The boat is entering its second week perched on the jetty. Last Saturday activity could be seen, with two other boats working around the stranded one. Rough seas have made salvage work all but impossible.

The Coast Guard initially said the owner of the boat is responsible for its salvage. However, the boat's owner told the Coast Guard he had no money to pay for retrieving the boat, according to Petty Officer First Class Natalie Virgin of the Victoria station, who was on the scene today.
"So the Coast Guard federalized the operation," she explained. "That means it will probably end up as an artificial reef somewhere."

Two tanker trucks from Mid-State Environmental Services stood by in Isla Blanca Park. "They are here just in case," Virgin said. "We also have two boats in the water ready to lay down containment booms, if that become necessary."

Raymond Olivera, of the Texas General Land Office, led a GLO Oil Spill Response Team to the site Tuesday.

"I have a man in a meeting now with people trying to decide how to proceed," he said Tuesday afternoon. "The fuel has been offloaded, and there is no longer any danger of a spill."

He said the boat appeared to be heavily damaged, with several holes in the hull. "It's just sitting on the rocks," he said. "That seems to be what's keeping it above the waterline where it is."

The federal government awarded the salvage contract to T&T Salvage out of Houston, Olivera said. T&T then subcontracted the job to Marine Services of Port Isabel, owned by Billy Kenon.
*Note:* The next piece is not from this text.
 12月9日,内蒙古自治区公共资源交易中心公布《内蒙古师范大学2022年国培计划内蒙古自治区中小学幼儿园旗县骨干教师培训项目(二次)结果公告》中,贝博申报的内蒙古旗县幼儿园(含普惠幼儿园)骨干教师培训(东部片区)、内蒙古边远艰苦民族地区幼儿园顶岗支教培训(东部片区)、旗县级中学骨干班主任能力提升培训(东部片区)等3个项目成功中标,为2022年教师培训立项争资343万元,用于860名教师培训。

A spokesman for Marine Services who asked not to be identified said a meeting was underway about 4:30 to determine the best course of action. He said the fuel had now been removed from the boat's tanks.
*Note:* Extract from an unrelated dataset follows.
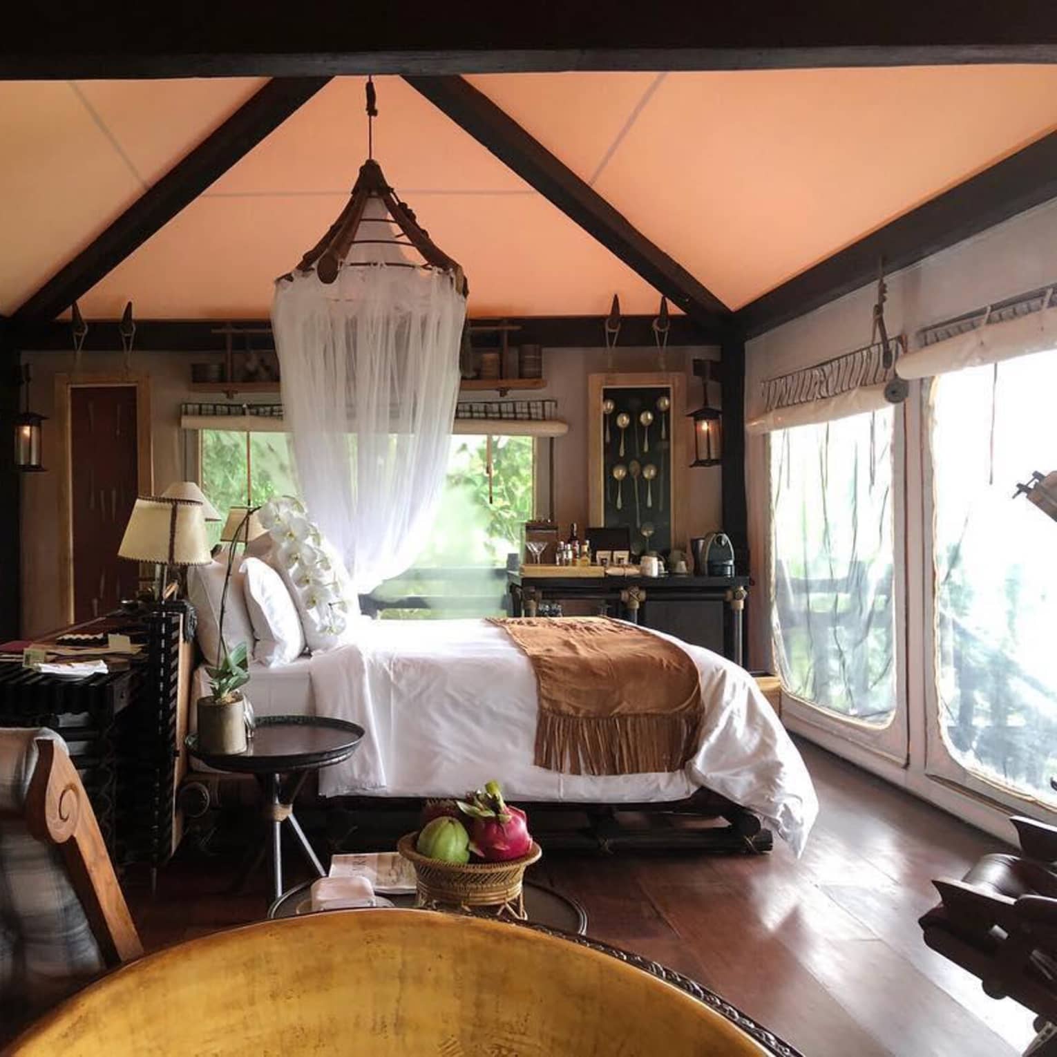 Interact with nature, explore mountain trails or bamboo jungles, and unwind in luxury tents.

There appears to be doubt in some quarters that the boat will float if it is just pulled free of the jetty. The Marine Services spokesman said his company will do whatever the various agencies decide in this afternoon's meeting.


----------



## JWHPOPEYE (Mar 21, 2005)

What i think is funny is that we haven't had any stormy weather or fog in a while that i can think of. Also why were his nets still hanging off the boat?


----------